Austria's glaciers have lost an average of 15 meters in length in just one year - this is confirmed by the current glacier report by the Alpine Association. The unstoppable glacier retreat also shows how urgently the protection of high alpine areas needs to be redefined.

The Alpine Club's glacier measurement team re-measured 92 glaciers across Austria last summer. 85 of them (92,4%) withdrew further in the observation period 2019/2020, only seven (7,6%) remained stationary with a change in length of less than one meter. With an average decline of 15 meters, glacier retreat has remained at a high level in the long term, even in the current statistics.

Although winter precipitation in 2019/20 exceeded the long-term mean in most areas and large parts of the glaciers were covered by snow until July, there was a strong melting in August and September with temperatures of up to + 2 ° Celsius above the average temperature.

The past year of observation is another in a period of drastic glacier retreat that will probably continue for a long time

In addition to the mere changes in length, the glacier knives have registered striking visual changes throughout Austria, which cannot be recorded in figures, but unmistakably document the glacier retreat.

For example, ice-free rock areas, the fragmentation of glaciers, large-scale ice collapse, thinning ice, the formation of collapse funnels, accumulation of debris on the glacier surfaces and the formation of new lakes.

Hornkees: decline of 104 meters

The greatest change in length was measured in 2020 on Hornkees in the Zillertal Alps (Tyrol). This glacier has shortened by 104 meters in just one year. Four other glaciers retreated by at least 50 meters: the Alpeinerferner (Stubai Alps) with 67,2 m, the Pasterze (Glockner group) with 52,5 m, the Gepatschferner (Ötztal Alps) with 51,5 m and the Schlatenkees (Venediger group ) with 50,0 m.

Pasterze shorter by 52,5 meters in one year

Austria's largest glacier, the Pasterze on the Großglockner, recently lost 52,5 meters in length - again an above-average value. Your glacier tongue is still flat in disintegration, as the ice supply from the higher parts of the glacier is decreasing. The Pasterze is one of the glaciers on which the thickness of the ice and the glacier movement are regularly measured. Compared to the previous year, the entire Pasterze glacier tongue has sunk by an average of 6,1 meters - slightly more than in the 2018/2019 measurement period. 

Alpine Association demands glacier protection with no ifs or buts

“The fact that the retreat of the glaciers is a result of rising temperatures cannot be denied. This development can hardly be stopped, the system is too sluggish and the natural areas too sensitive for that. Our glaciers make this slow but steady change understandable in a sad way. As silent memorials of climatic changes, they will probably no longer be recognizable in a few decades ”, says Ingrid Hayek, Vice President of the Austrian Alpine Club.

As silent memorials of climatic changes, they will probably no longer be recognizable in a few decades.

Ingrid Hayek, Vice President of the Austrian Alpine Club

One more reason for the Alpine Association, as a nature conservation organization, to insist not only on glacier protection, but also on the protection of the surrounding high alpine regions. 

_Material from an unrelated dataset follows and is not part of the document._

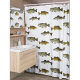 Der perfekte Duschvorhang für den Mann, der angeln oder für den Angelanhänger, die Hütte oder die Kabine Lieben. Das Design zeichnet sich durch ein Muster aus Bass, Bass und Bass aus.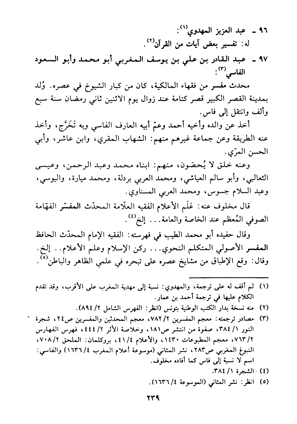 (¬3) مصادر ترجمته: معجم المفسرين 2/ 782، معجم المحدثين والمفسرين 24، شجرة النور1/ 384، صفوة من انتشر 181، وخلاصة الأثر 2/ 444، فهرس الفهارس 2/ 763، معجم المطبوعات 1430، والأعلام 4/ 41، بروكلمان: الملحق2/ 708، النبوع المغربي 283، نشر المثاني (موسوعة أعلام المغرب 4/ 1636) والفاسي: اسم لا نسبة إلى فاس كما أفاده مخلوف.

Protection status was revoked in 2004

Above all, the Alpine Club is still opposed to the weakening of glacier protection in the Tyrolean Nature Conservation Act. After the absolute protection of the glaciers, the glacier foreland and the moraines in Tyrol had been legally anchored in 1991 and any technical development of glaciers and their catchment areas was prohibited, the comprehensive protection status was revoked in 2004.

In 2006 a “spatial planning program on the protection of glaciers” followed. However, this deliberately excludes areas of ski tourism interest from the protection status - for example that between the glacier ski areas Ötztal and Pitztal, or currently that in Kaunertal.

Glacier protection is needed with no ifs or buts.

Ingrid Hayek, Vice President of the Austrian Alpine Club

“You need glacier protection with no ifs or buts. Protection that also takes into account the current changes in the high mountains. Not only the glaciers themselves, but also the areas affected by the melting are increasingly under pressure. In the context of state law, these are often referred to as 'Alpine wasteland'. But this soil is by no means 'wasted'.

It turns out to be a breeding ground with immeasurable development potential. Glacier protection must therefore be redefined in this context and the broader term glacier must be taken into account in the Environmental Impact Assessment Act, ”says Hayek.

The glacier retreat in numbers (measurement period 2019/2020)

10 strongest declines - length losses in meters:

  1. Hornkees (Zillertal Alps, Tyrol): -104,0
  2. Alpeinerferner (Stubai Alps, Tyrol): -67,2
  3. Pasterze (Glockner Group, Carinthia): -52,5
  4. Gepatschferner (Ötztal Alps, Tyrol): -51,5
  5. Schlatenkees (Venediger Group, Tyrol): -50,0

The average loss in length of the 81 glaciers measured in both 2019 and 2020 was -15 m and is therefore very similar to the previous year's value of -14,3 m (calculated for 84 glaciers).